Быка я нашел! И написал! Оставалась ЖЕНЩИНА Опять эта женщина! Да хоть бы и часть ее. Нет, я уже не искал, как в первой картине, натуру и представление. Мне надо было здесь выше, куда выше! Много выше! И словно бы выше МИФА. «Господи! Просвети! Дай силу написать ее!» ЕЕ! Как? Да уж вовсе не так, как страдалец Серов. Я должен был слить ее плоть с этой буйной бычиной силой и выразить так же, как выразил силу любви и страсти одним быком!

И я повернул Европу так, как только можно развернуть женщину в самом немыслимом развороте, когда ясно представляешь и ее лицо, отвернутое от зрителя, но выражающее то, что выражают и только и могут выразить ее волосы, груди, ее торс и зад — главная сущность женщины, как там ни мудрите, ни ханжите! Я нахватал тело женщины с грешной мальчиковой одержимостью, с тем запретным давним ломящим, не поддающимся слову состоянием, какое томило меня, обращало в робкого раба и ненасыщающегося мучительного обладателя. Обладателя? Да только, может, твоя вечная голодная страсть, ненасыщенная жажда и дали это решение. Я воплотил его в совершеннейшей женской части, которая одна могла отразить все. Женский девичий зад! Никто тебя, кроме древних, в живописи, скульптуре не воспел. Не воспел и в слове. Пели женские очи и ланиты, губы и перси, волосы и ресницы, и даже живот вроде воспет и отражен в танце, но только художники робко, подавленно пытались отобразить красоту лунножемчужного, грешно раздвоенного, божественно круглого и как бы вечно всасывающего мужской взгляд, ревниво хранящего еще большие тайны зада. Его-то я и написал наконец, кажется, так, что кисть стыла в руке и помрачающая ум жажда, с переходом в тоску по такой действительности, ломила душу. Она ведь есть, эта действительность, но только недоступна мне! Есть, была, будет. И кто-то — не я — ею наслаждается и даже не ценит, не боготворит, не боготворит и не ценит.

Так я написал ЕВРОПУ.

Я бросил картину. Валился с ног. Не стал и обрамлять, хоть рама была давно найдена. Черная, под эбеновое дерево. Я давно научился делать, тонировать в любой цвет простую древесину и даже сделал несколько умопомрачительных, с резьбой и лепкой, вызолоченных «венецианских» рам, рам в стиле ренессанс и даже Людовикового рококо. Я делал их, любовался ими и, усмехаясь, думал, что вот и жизнь моя какая-то сложная рама, для неовеществленной и, может быть, очень простой картины… А эбеновая рама, даже в приближенном рассмотрении, была точно в тон той мифической мрачной ночи, плывущему быку и похищенной им любви.

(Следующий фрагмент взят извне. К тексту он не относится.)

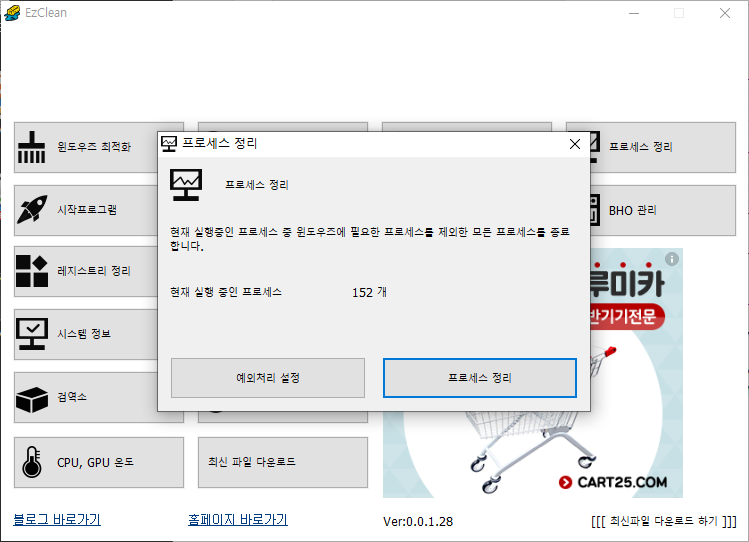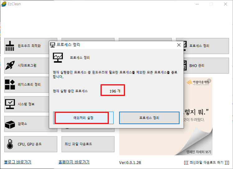 이 프로그램의 여러 기능중 가장 큰 장점이 바로 [프로세스 정리] 기능입니다.

Теперь надо было накинуть влажный холст на сырое полотно. И еще я понял, что не могу больше находиться в мастерской. Весь дрожа, как бывало со мной иногда в дурном сне или после необыкновенной удачи, я запер дверь и вышел из квартиры в ночь. Знал, что, пока не наброжусь, не успокоюсь. Знал я и то, что сделал еще один шедевр, недоступный никакому художнику. Я знал это всей кожей, каждым волоском, каждой клеткой своего измученного тела. И я знал, что больше не в состоянии сделать ни одного мазка — буду уже портить. Знал это точно.

И в то же время с меня свалилась гора. Было ощущение легкости и пустоты. Звона в ушах. Пели, звучали, благовестили колокола. Наверное, со стороны я был похож на пьяного или на помешанного, вдруг отпущенного на свободу.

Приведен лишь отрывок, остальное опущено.